シン・プロビジョニング・ボリューム
シン・プロビジョニング・ボリュームでは、マップされたホストに提示される容量は、ボリュームがストレージ・プール内で消費している容量とは異なります。
システムは、標準プールとデータ削減プールでシン・プロビジョニング・ボリュームをサポートします。 標準プールでは、シン・プロビジョニング・ボリュームは、容量節約の基準に基づいて、特定のボリューム・タイプとして作成されます。 これらのプロパティーは、ボリューム・レベルで管理されます。 データ削減プールを使用すると、シン・プロビジョニングのすべての利点を、プールに割り当てられたすべてのボリュームで使用できます。 標準プロビジョニング・ボリュームだけは、これらの利点を得ることができません。 データ削減プールは、ホストが使用する容量をモニターすることで、シン・プロビジョニング・ボリュームの容量効率を向上させます。 容量が不要になったことをホストが示すと、容量が解放され、データ削減プールによってレクラメーション処理されて、自動的に再配分することができます。 標準プールには、容量のレクラメーション処理の機能はありません。 データ削減プール内のボリュームに圧縮および重複排除を指定することで、さらに容量を節約できます。

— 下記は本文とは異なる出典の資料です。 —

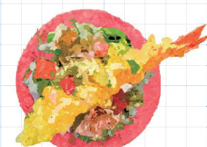
Tempura Shrimp 380yen 天ぷらシュリンプ Crispy Fried Shrimp, Ranch Sauce

シン・プロビジョニング・ボリュームは、サーバー管理の単純化にも役立ちます。 多少の容量を持ったボリュームをアプリケーションに割り当てて、アプリケーションのニーズの変化に応じてその容量を増やすのではなく、大きな仮想容量を持つボリュームをアプリケーション用に構成できます。 そうすると、アプリケーションまたはサーバーを中断せずに、アプリケーションのニーズの変化に応じて実容量を拡張または縮小することができます。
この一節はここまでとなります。